Let's collect our flow ids and our flow aliases, this will allow us to call the flows.

In [None]:
flow_summaries = bedrock_agent.list_flows()['flowSummaries']
flow_id = flow_summaries[0]['id']

flow_aliases = bedrock_agent.list_flow_aliases(flowIdentifier = flow_id)['flowAliasSummaries']
flow_alias = flow_aliases[0]['id']

###  2. Load our dataset <a id =Load%20data%20to%20Knowledge%20Bases> </a>


Let's load our question and answer pairs we can use for evaluation.

In [None]:
question_set = pd.read_csv("data/questions_and_answers.csv")
question_set

###  3. Execute our flow <a id =Load%20data%20to%20Knowledge%20Bases> </a>

The below will invoke our flow and store the responses.

In [None]:
flow_outputs = []
for question in tqdm(question_set['question']):

    response = bedrock_agent_rt.invoke_flow(
        flowAliasIdentifier=flow_alias,
        flowIdentifier=flow_id,
        inputs=[
            {
                'content': {
                    'document': question
                },
                'nodeName': 'FlowInputNode',
                'nodeOutputName': 'document'
            },
        ]
    )
    flow_output = [response for response in iter(response['responseStream'])]

    flow_outputs.append(flow_output[0]['flowOutputEvent']['content']['document'])
    

###  4. Measure Accuracy <a id =Load%20data%20to%20Knowledge%20Bases> </a>

Now that we have our prompt flow responses, we can evaluate them using the Ragas library.

In [None]:
context_list = []
for context in tqdm(question_set['llm_contexts']):
    eval(context)
    context_list.append(eval(context))

metrics = [
          # context_precision,
        # context_recall, # currently this metric might trigger timeout error raised by bedrock: ValueError: Error raised by bedrock service: Read timeout on endpoint URL: "https://bedrock-runtime.us-east-1.amazonaws.com/model/anthropic.claude-v2/invoke"
        answer_similarity,
        answer_correctness,
        # answer_relevancy,
        # faithfulness
]

column_map = {
        "question": "question",
        "contexts": "llm_contexts",
        "answer": "llm_answer",
        "reference": "reference",
    }

ragas_dataset = Dataset.from_dict(    {
        "question":question_set['question'],
        "llm_answer":flow_outputs,
        "reference":question_set['gt_answer'],
        "llm_contexts":context_list
    })

# Evaluate
eval_result = evaluate(ragas_dataset, 
                       metrics=metrics, 
                       column_map=column_map, 
                       llm=llm_for_evaluation,
                        embeddings=bedrock_embeddings, raise_exceptions=False)
eval_result

## 5. Cleanup <a id='Cleanup'></a>

As a best practice, you should delete AWS resources that are no longer required.  This will help you avoid incurring unncessary costs.

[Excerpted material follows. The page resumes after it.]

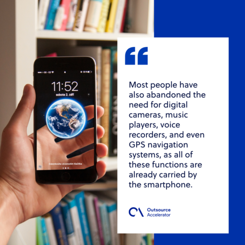 Most people have also abandoned the need for digital cameras, music players, voice recorders, and even GPS navigation systems, as all of these functions are already carried by the smartphone.

<div class="alert alert-block alert-info">
<b>Note:</b> If you are running this notebook as part of a workshop session, by default, all resources will be cleaned up at the end of the session. If you are running this notebook outside of a workshop session, you can cleanup the resources associated with this notebook by uncommenting the following code cell and running it.
</div>

Running the following cell will delete the following resources:
* Knowledge Bases.
* Amazon OpenSearch Serverless Collections.
* The files that were uploaded to the S3 buckets; not the S3 buckets themselves.

In [None]:
'''
# Note: 'delete_kb' available through ./scripts/helper_functions.py
delete_kb(bedrock_agt_client, kb_1_id)
delete_kb(bedrock_agt_client, kb_2_id)

# Note: 'delete_aoss_collection' and 'get_aoss_collection_id' are available through ./scripts/helper_functions.py
delete_aoss_collection(aoss_client, get_aoss_collection_id(kb_1_aoss_collection_arn))
delete_aoss_collection(aoss_client, get_aoss_collection_id(kb_2_aoss_collection_arn))

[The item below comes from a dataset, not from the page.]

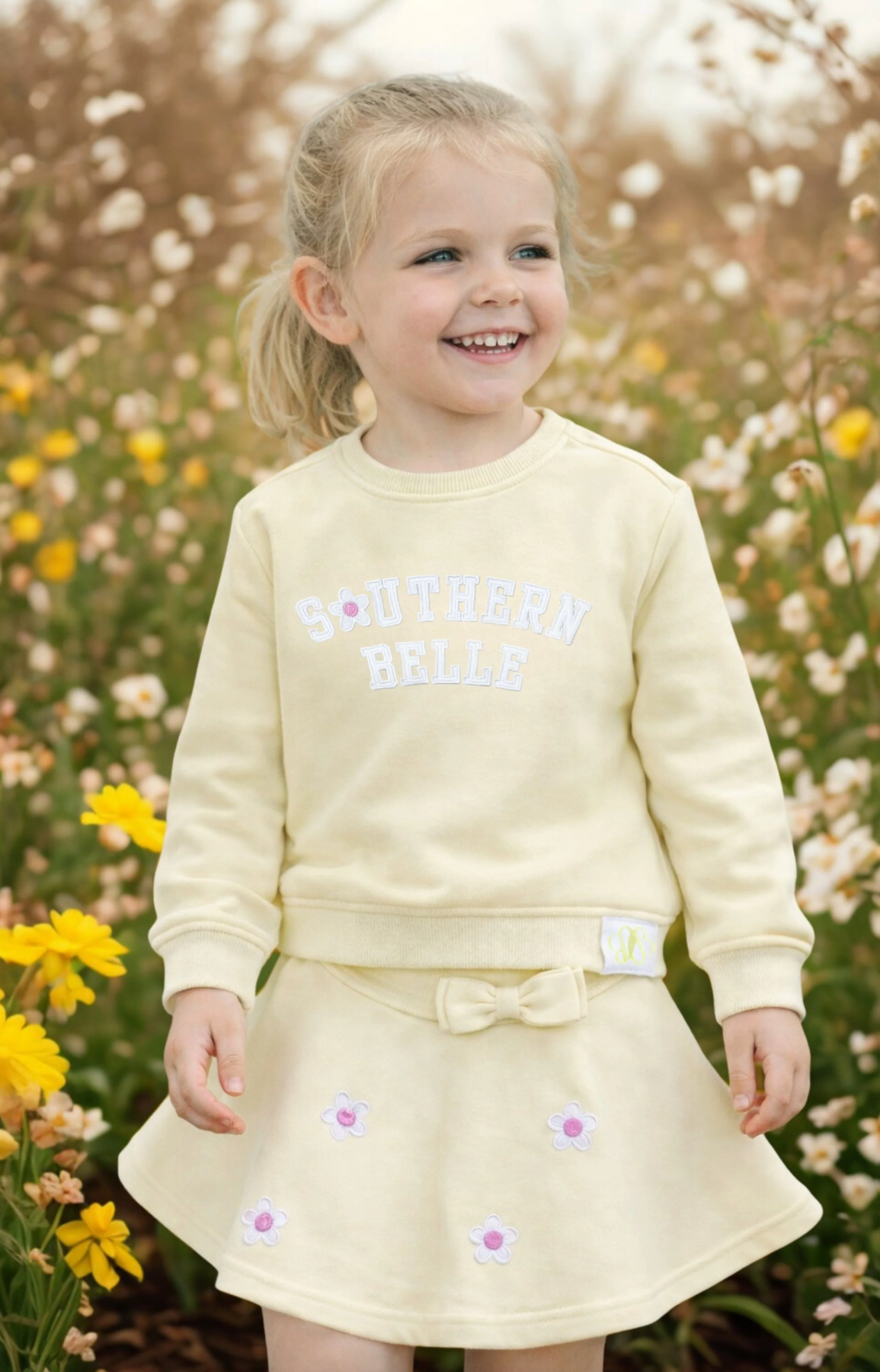 The Daisy Bow Skort is the go-to staple your little girl will reach for all spring and summer long. Featuring a charming bow detail and practical skort design, it's perfect for playdates, family outings, and everything in between. Pair it with Bits & Bows' Southern Belle Sweatshirt for the sweetest outfit she'll wear all year long.

# Note: 'delete_s3_object' available through ./scripts/helper_functions.py
delete_s3_object(s3_client, kb_1_s3_bucket_name, s3_key_prefix + '/' + kb_1_downloaded_file_name)
delete_s3_object(s3_client, kb_2_s3_bucket_name, s3_key_prefix + '/' + kb_2_downloaded_file_name)
'''

## 6. Conclusion <a id='Conclusion'></a>

We have now seen how to build an advanced RAG router based assistant with Amazon Bedrock using Amazon Bedrock Prompt Flows. In the process, we learned how Amazon Bedrock with its LLMs, and Knowledge Bases (KBs) make it easy for you to build generative AI applications.